A single mom, Hendricks spent Christmas thousands of miles from her 5-year-old daughter, Lashawndra, who has stayed with her grandparents in the States since the deployment began.

Yet Hendricks, 29, sleeps in her own bed in Germany each night, not in a remote camp with the rest of the 2nd Squadron, 6th Cavalry Regiment. As the noncommissioned officer-in-charge of the Apache helicopter unit’s rear detachment, she works in a tiring kind of limbo: neither bonding with her squadron mates in the desert nor enjoying a happy home life with her family.

“I’m a mechanic, a squadron shop foreman.

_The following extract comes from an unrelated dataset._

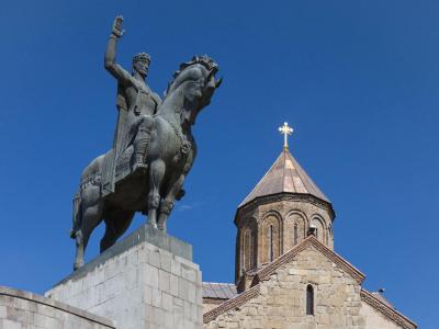 The equestrian statue depicts the king mounted on horseback, gazing resolutely over the city he established. His raised hand, extended forward, symbolizes both protection and leadership—embodying the courage and vision of a ruler who fortified Georgia during an era marked by regional rivalries. In Gorgasali’s time, the Caucasus was a crossroads of empires—Byzantine, Persian, and later Arab—all competing for control. The king navigated these pressures with diplomacy and strength, defending Georgia’s independence and Christian faith while transforming Tbilisi into a thriving political and cultural center.

I work on trucks, and now I’m doing administrative work,” Hendricks said. “I have 17 soldiers downrange, and I’d like to be with them.”

Hendricks doesn’t complain. But without question, manning the home garrison is a dreary, thankless job for most soldiers left behind. It usually means toiling in unfamiliar duty, nagged by guilt and disappointment. You miss out on the fun and danger of deployment. The better the soldier, the worse he or she feels.

“Sergeant Hendricks didn’t want to stay behind,” said Lt. Col. Scott Thompson, the squadron commander, by telephone from Kuwait. “She is a stellar NCO. I felt like I was cutting my throat not to bring her along.”

When Army units deploy, they must leave behind a handful of soldiers to guard the home base. They ship mail and spare parts to the field, help soldiers who are leaving or arriving at the unit, and pass both official and personnel messages between the field commanders and families back home.

“It’s as vital, as important, as the mission downrange,” said Col. Albert Johnson, chief of staff of the 1st Infantry Division’s Schweinfurt-based 2nd Brigade, which just completed a six-month peacekeeping tour in Kosovo. “[The rear detachment commander] is the conduit to our families.”

Typically, 10 percent or less of the unit stays back. Army regulations require that soldiers who are injured or pregnant, who have recently given birth or who are within 45 days of leaving the command must not deploy. These soldiers make up most of the rear detachment.

Still, commanders have learned from hard experience to pick quality people who know the families and communicate well. The last thing they need is trouble with the families at home.

“[Colonel Thompson] promised the spouses, ‘I’m going to leave you a good rear detachment,’” said Lisa Eichhorn, whose husband is a chief warrant officer and Apache pilot in the squadron. “‘I won’t leave you the sick and broken people.’”

For Thompson, Capt. Shana Richardson turned out to be a perfect choice for a rear detachment commander. She had been the squadron’s personnel officer for two years, so she understood the inprocessing and outprocessing paperwork she would spend much of her time handling. Because she was coming off of maternity leave, she couldn’t go to Kuwait for several months, anyway. And she got on well with Thompson’s wife, Kathy, the head of the 2-6 Cavalry’s Family Readiness Group.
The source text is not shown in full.